PROBLEM TO WORK ON ::
Both the line below containing "Papeles bonitos. Y" and the line containing "那么如果呈现更高,更多参数的", along with every line between them, should be repeated exactly; no other line belongs in the answer.

PROVIDED MATERIAL ::

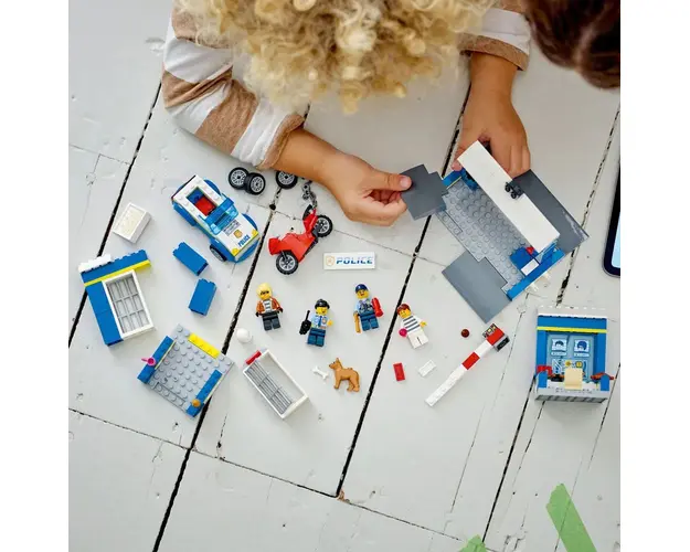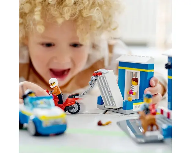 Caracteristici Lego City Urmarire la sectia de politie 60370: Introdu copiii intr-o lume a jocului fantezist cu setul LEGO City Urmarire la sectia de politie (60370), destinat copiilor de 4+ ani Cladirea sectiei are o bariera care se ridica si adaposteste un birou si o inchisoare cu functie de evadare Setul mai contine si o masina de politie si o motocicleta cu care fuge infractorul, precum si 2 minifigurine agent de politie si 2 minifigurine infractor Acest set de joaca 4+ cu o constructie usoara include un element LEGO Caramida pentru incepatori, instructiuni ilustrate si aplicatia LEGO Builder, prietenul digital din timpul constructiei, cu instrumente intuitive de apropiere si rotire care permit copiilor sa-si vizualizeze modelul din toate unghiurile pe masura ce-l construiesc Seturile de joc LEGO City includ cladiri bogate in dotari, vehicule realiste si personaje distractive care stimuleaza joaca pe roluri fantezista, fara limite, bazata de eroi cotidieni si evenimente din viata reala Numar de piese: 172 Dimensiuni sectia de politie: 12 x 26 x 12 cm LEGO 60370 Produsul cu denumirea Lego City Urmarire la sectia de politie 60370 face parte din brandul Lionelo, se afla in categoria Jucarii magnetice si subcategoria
--
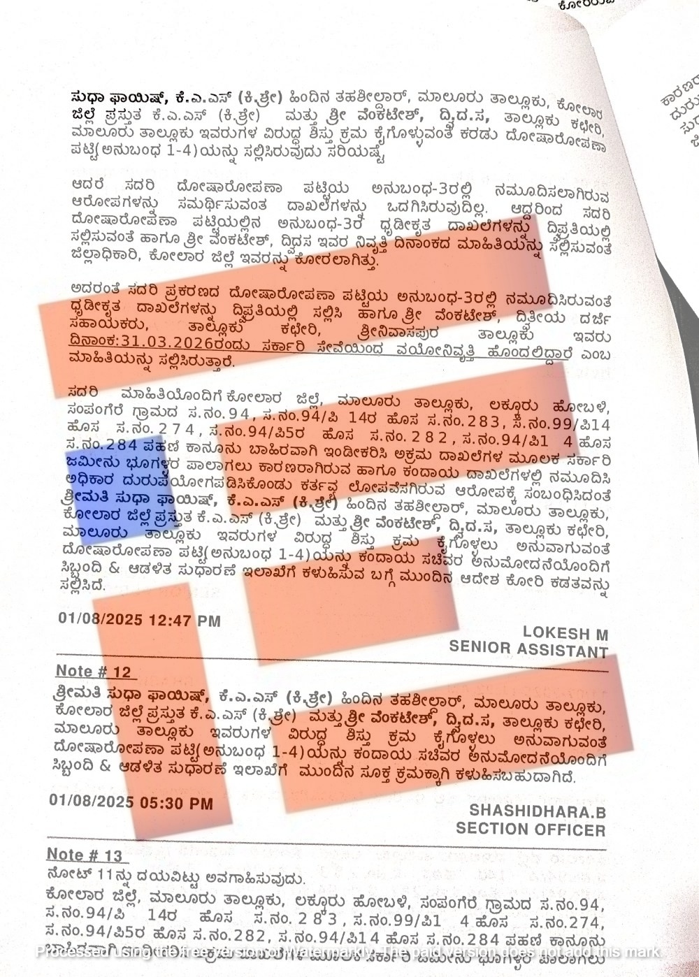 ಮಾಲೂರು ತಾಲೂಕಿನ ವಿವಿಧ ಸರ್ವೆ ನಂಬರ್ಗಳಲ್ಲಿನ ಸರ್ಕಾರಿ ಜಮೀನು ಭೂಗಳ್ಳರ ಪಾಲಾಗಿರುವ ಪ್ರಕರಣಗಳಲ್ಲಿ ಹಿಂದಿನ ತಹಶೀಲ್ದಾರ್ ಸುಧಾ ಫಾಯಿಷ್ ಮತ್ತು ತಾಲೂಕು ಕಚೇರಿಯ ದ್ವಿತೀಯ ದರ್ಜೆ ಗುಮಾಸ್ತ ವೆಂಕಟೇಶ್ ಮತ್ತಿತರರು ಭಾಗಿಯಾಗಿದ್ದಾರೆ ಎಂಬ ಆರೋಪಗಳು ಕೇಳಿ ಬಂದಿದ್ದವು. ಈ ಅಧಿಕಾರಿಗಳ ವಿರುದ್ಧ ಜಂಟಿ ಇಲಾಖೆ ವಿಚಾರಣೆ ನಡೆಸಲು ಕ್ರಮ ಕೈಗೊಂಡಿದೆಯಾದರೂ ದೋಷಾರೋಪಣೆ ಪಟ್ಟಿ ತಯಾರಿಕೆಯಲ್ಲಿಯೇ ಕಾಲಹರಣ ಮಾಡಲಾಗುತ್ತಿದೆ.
---
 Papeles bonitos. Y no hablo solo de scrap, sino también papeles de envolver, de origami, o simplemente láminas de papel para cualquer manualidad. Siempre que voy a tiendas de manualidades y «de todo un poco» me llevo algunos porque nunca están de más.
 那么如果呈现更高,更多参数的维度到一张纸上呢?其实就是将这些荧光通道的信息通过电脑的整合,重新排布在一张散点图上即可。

SOLUTION FOR THIS EXERCISE ::
 Papeles bonitos. Y no hablo solo de scrap, sino también papeles de envolver, de origami, o simplemente láminas de papel para cualquer manualidad. Siempre que voy a tiendas de manualidades y «de todo un poco» me llevo algunos porque nunca están de más.
 那么如果呈现更高,更多参数的维度到一张纸上呢?其实就是将这些荧光通道的信息通过电脑的整合,重新排布在一张散点图上即可。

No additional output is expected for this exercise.